Do you have to be a people person to be in retail?
Whether it is your staff, your supplier, a customer you meet down the street – everything is about human interactions, how you get on with people and how you want to be perceived. How I view it with my team is that I am not your boss, you are your own boss, we are all integrated together. I don’t want it to be a case of ‘the boss is coming’, I don’t believe in that kind of hierarchy, we are all people. 

What is unique about your stores?
In my village store in Etwall we are very heavy on the home delivery of news, so that’s our USP in that store. We serve roughly 580 customers a day and have 25 newspaper boys and a van on the road that goes around the countryside delivering to remote areas.

Are you involved with the local community?
We get involved in the village fete and in sponsoring different things. At the moment, we are looking at sponsoring the local football team. 

Do you use social media to promote your stores?
We do use social media in dribs and drabs but I want to find a middle ground between doing too much and doing none.
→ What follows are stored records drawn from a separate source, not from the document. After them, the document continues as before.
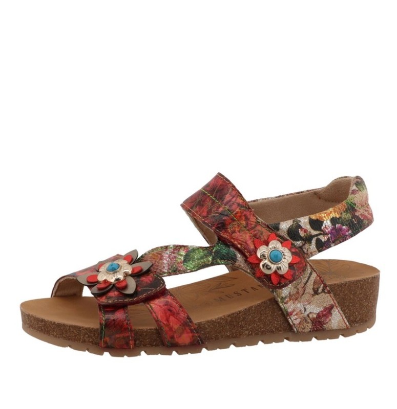 Ces sandales aux motifs floraux de la marque MUSTANG allient style et confort pour accompagner vos journées estivales. Elles apportent une touche de féminité à toutes vos tenues. La tige en matière synthétique de qualité assure une belle durabilité, tandis que le talon compensé effet liège offre une allure décontractée et une marche agréable. Faciles à ajuster grâce à leur bride avec scratch, ces sandales sont l'accessoire indispensable pour une allure tendance et naturelle.
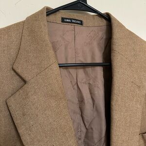 Exceptionally tailored two-button blazer crafted by Kawa Tailors (Hong Kong), made with luxurious Loro Piana wool fabric (Lanificio Ing. Loro Piana & C., Italy). Features a brown herringbone weave, full silk lining, dual vents, and soft natural shoulders. Size 46R. Classic vintage GANT single-breasted blazer in a rich glen plaid of browns and grays. Size 38L. Tailored for Leonard’s Men & Boys in Northbrook, IL. Beautifully made, two-button front with flap pockets, fully lined interior. Perfect for Ivy League, prepwear, and heritage-inspired looks. Old money meets timeless tailoring. Please refer to the styled photo as inspiration and not for details on the exact item. Measurements Chest: 38” Shoulders: 16” Sleeve (shoulder to cuff): 24” Back length: 30.5” Keywords: GANT, vintage blazer, glen plaid, sport coat, Ivy League style, preppy menswear, tailored wool, brown gray check, 1980s mens fashion, old money, classiccore, Ralph Lauren style, heritage tailoring, made in USA tailoring Minor repair visible above back vent (pictured). Timeless design suited for classic, heritage, or tailored looks. Measurements: • Shoulder: 20” • Chest: 46” • Length: 31.5” Loro piana blazer, italian wool, tailored menswear, heritage style, corpcore, prepwear, classic menswear, handmade blazer, made to measure, ivy style, hong kong tailor, bespoke Preppy, classic, academia, heritage, classiccore, blokecore, Ralph Lauren, tailored, oldmoney, preppy, Corpcore
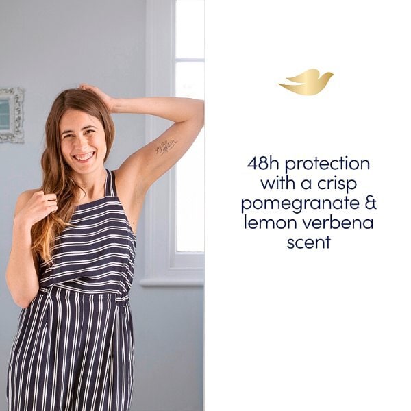 there is another way to deal with damp perspiration patches dove maximum protection designed for those of us who want both a strong antiperspirant deodorant and beautifully soft and smooth underarms you dont have to choose between comfort and dryness if you need a powerful antiperspirant deodorant this strong antiperspirant contains our moisturising cream that helps care for your underarms whilst keeping you fresh and dry the nourishing formula gives you beautifully soft and smooth underarm skin in just five days and even helps to reduce the irritation that regular shaving can cause add in the fact that its been dermatologically tested and you can be sure that this maximum protection antiperspirant deodorant for women will be kind to your skin whilst being tough on sweat the cream stick format is easy to apply and with up to 48 hours of antiperspirant protection you can keep that crisp natureinspired revitalising scent with you all day how to use dove maximum protection antiperspirant deodorant can be used in the morning or at night for optimum sweat protection apply at night when your sweat glands are less active you will be protected for 48 hours even after showering twist the bottom of your powerful antiperspirant deodorant to release the cream with two clicks per underarm and smooth onto each underarm evenlydove maximum protection pomegranate lemon verbena antiperspirant deodorant is our strongest protection against sweat and body odourcontaining our unique moisturising cream this strong deodorant gives you beautifully soft and smooth underarmsprovides up to 48 hours of antiperspirant protectionour deodorant stick is dermatologically tested and contains 0 alcohol to help reduce irritationthis womens deodorant leaves your underarms feeling refreshed with a crisp natureinspired fragrance of pomegranate and lemon verbenaa cream deodorant that provides the strength you need combined with the care you expect from dove
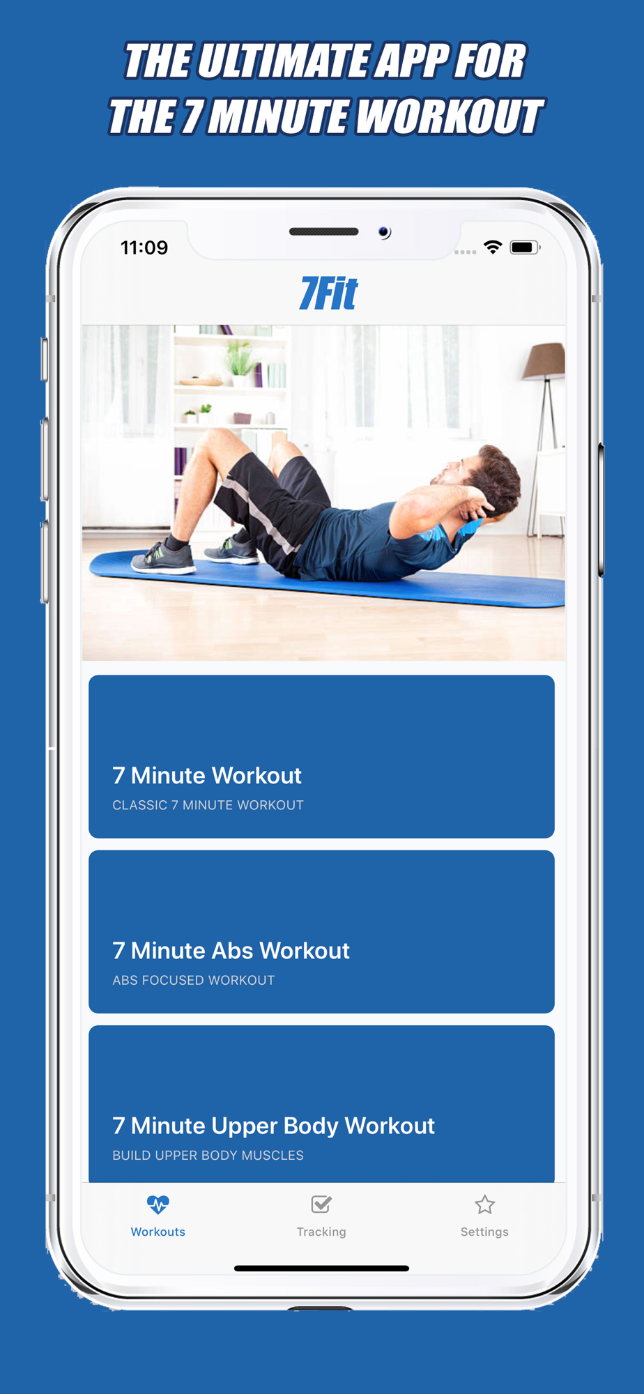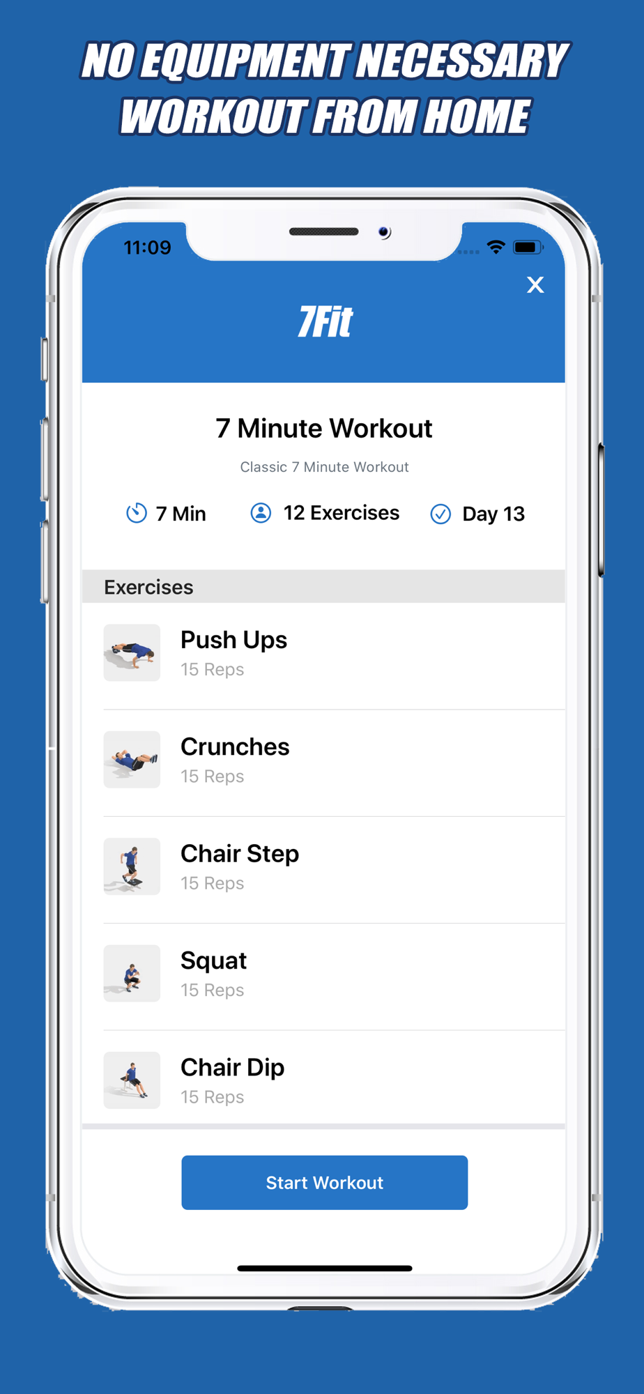 7 Minute Workout + lets you do the revolutionary 7 Minute Workout which research has shown can give you a fast, efficient, whole body workout routine in just 7 minutes a day by utilizing 12 exercises you can do at home with no equipment.

We do a campaign every two weeks or so, not every day, as I think people get overstimulated with information and it is easy to switch people off, instead of switching them on. We did some promotions over Christmas about our new coffee machine and cash machine that got some traction behind it.

You won the Asian Trader award for innovation in 2014. What have you been working on recently?
We’ve developed a piece of software called Retail Guardian. It isn’t just for our own use, we are actively selling it and the Co-Op are looking at it, and some other interesting players. The software was designed around some of the problems I encountered in my store, and it is all about managing people and processes. It has been going around a year and is a massive project – we have about 45-50 retailers using it and they are reporting real tangible benefits. It works by using fingerprinting technology to track actions and it also keeps tabs on training and rotas.  

Do you work closely with manufacturers on product ranging and merchandising?
No, because my stores are One Stops, which are owned by Tesco, so all our merchandising is sent down via planograms.  

Have you noticed any interesting consumer trends lately?
This is something I have been discussing over the last few days and I’m not really sure there are trends as such because there is not much loyalty left in our sector. These days people buy on price and promotions and everything is a lot more commercialised. We have lost Christmas, Valentine’s and Easter because these things are advertised for months in advance. Cadbury Creme Eggs came out in November – it is something I have come to accept. 

What is your favourite product? 
You are asking me about my favourite product in the shop? Now that is putting me on the spot! Pepsi-Max to be honest – I drink it all the time.